地球温暖化や大気や水の汚染など、各企業の事業が「生物多様性」に与える影響は小さくないと言われており、各企業には、影響軽減に向けて取り組むことが求められます。

日野自動車は、「生物多様性」に関する課題を明確化するにあたり、事業活動がどのような影響を与えているのかについて分析することから始めました。
以下は、『企業と生物多様性イニシアティブ(JBIB)』が定めた「企業と生物多様性の関係性マップ」を参考に、製品ライフサイクル各段階における「恩恵」と「影響」を整理した図です。

企業と生物多様性の関係性マップ 企業と生物多様性の関係性マップ

このように、日野自動車は事業を行う中で、製品ライフサイクル全体で自然の「恩恵」を受けており、また同時に「影響」を与えています。
これらによる「生物多様性」への環境負荷を少しでも低減すること、そして事業を行う中で周辺生態系を害さないことが、今後の取り組みにおける重要なポイントとなります。

以下がその他の主な取り組み内容も含めて、日野自動車が今後注力していくポイントをまとめた図です。

日野自動車が今後注力していくポイント

「生物多様性」に配慮した取り組みの方向性

日野自動車は、製品ライフサイクル全体で「生物多様性」に配慮した取り組みを推進すべく、具体的方針を定めた「生物多様性ガイドライン」を策定しました。
そのガイドラインの中で特に注力すべき課題を、以下のような「生物多様性取り組み指針」としてまとめております。

生物多様性取り組み指針

  • 製品環境技術の更なる追及
  • 地域水資源への配慮
  • 地道な環境取り組み(CO2削減、省資源など)
    推進による生物多様性への貢献
  • 社会との連携・協力
  • 積極的な情報開示

日野自動車では、関係者間で議論を重ね、これらの指針の中でも特に「製品環境技術の更なる追及」、「地域水資源への配慮」を今後の重点課題として抽出しました。

今後は、環境配慮型製品の開発や、化学物質使用量の低減、汚水の発生を抑える工程設計、地道な節水活動などを中心に、製品ライフサイクル全体で取り組みを推進していきます。

事業所周辺の豊かな生態系を守るために

日野自動車は2015年に、各事業所周辺にて一斉に動植物調査を行いました。
その結果、「ニホンスッポン」、「トラツグミ」、「ニイニイゼミ」、「トウキョウダルマ」など、レッドリストに掲載されている希少種が数多く確認されました。

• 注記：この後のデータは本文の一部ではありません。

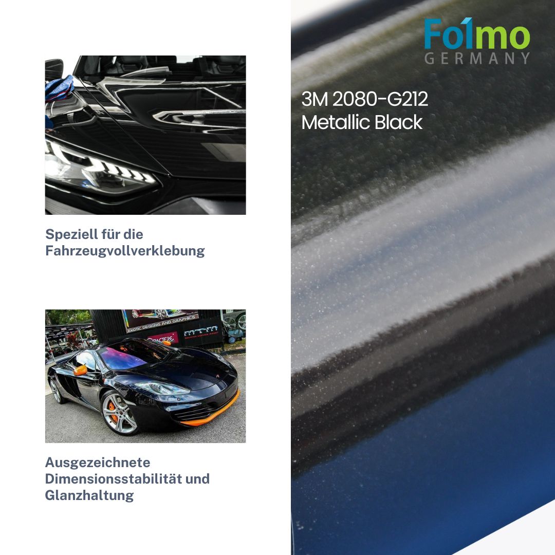 3M Autofolie 2080-G212 glanz metallic schwarz (30cm x 152cm Stück) + ultrafeines Microfasertuch

これらは事業所周辺に豊かな自然が残っている証拠であり、今後「共生」していくべき自然に他なりません。
今後、事業活動を継続する中で、これら各事業所周辺の動植物への影響を少しでも軽減しながら、企業としても成長を続け、自然と「共生」する企業を目指してまいります。

Voice

松本 郁子様
公益財団法人 地球環境戦略研究機関 自然資源・生態系サービス領域 研究員 松本 郁子様

生物多様性の取り組みとは、従来の環境への取り組みとそれほどかけ離れたものではありません。
自然資本を守り、自然から受ける恩恵を保持する方法を考えることが、生物多様性の保全に繋がります。そこで最も重要なことは、自社の事業活動が自然に対して持つ正と負の影響それぞれを、製品のライフサイクル全てにわたって包括的に把握した上で、取り組むポイントを明確にすることです

日野自動車の生物多様性に関するガイドラインは、そのような製品のライフサイクルにわたる影響の把握と、自社の事業にとって取り組むポイントの分析がきちんと行われ、そのポイントに関わる取り組み強化の方針が打ち出されていると感じます。また、生物多様性と自社の事業との関係を丁寧に説明するなど社員の理解を促すような内容となっており、社員教育も含め、概念を現場レベルに落としこむための工夫がなされているという印象を受けました。今後現場レベルでのより良い取り組みを進めていくための土台となり得ると思います。
さらに今後は表彰などのインセンティブを設ければ、取り組みの活性化や発展に繋げることもできるでしょう。さらに、モニタリング評価などを通じて吸い上げた現場の方々の声を取り組み方針に反映する仕組みを構築することで、ボトムアップの取り組みへと変わり、改善の好循環ができると考えます。

最後に、ガイドラインや生物多様性取り組み指針の中でも謳われていますが、生物多様性に関しても、情報公開と公開した情報に基づくステークホルダーとの意見交換は重要です。今後も丁寧なステークホルダーとのコミュニケーションを継続していただければ、ステークホルダーのニーズや関心などを活かした取り組みの検討が可能になると思います。
今後は是非このような取り組みを進化させ続けてほしいと思います。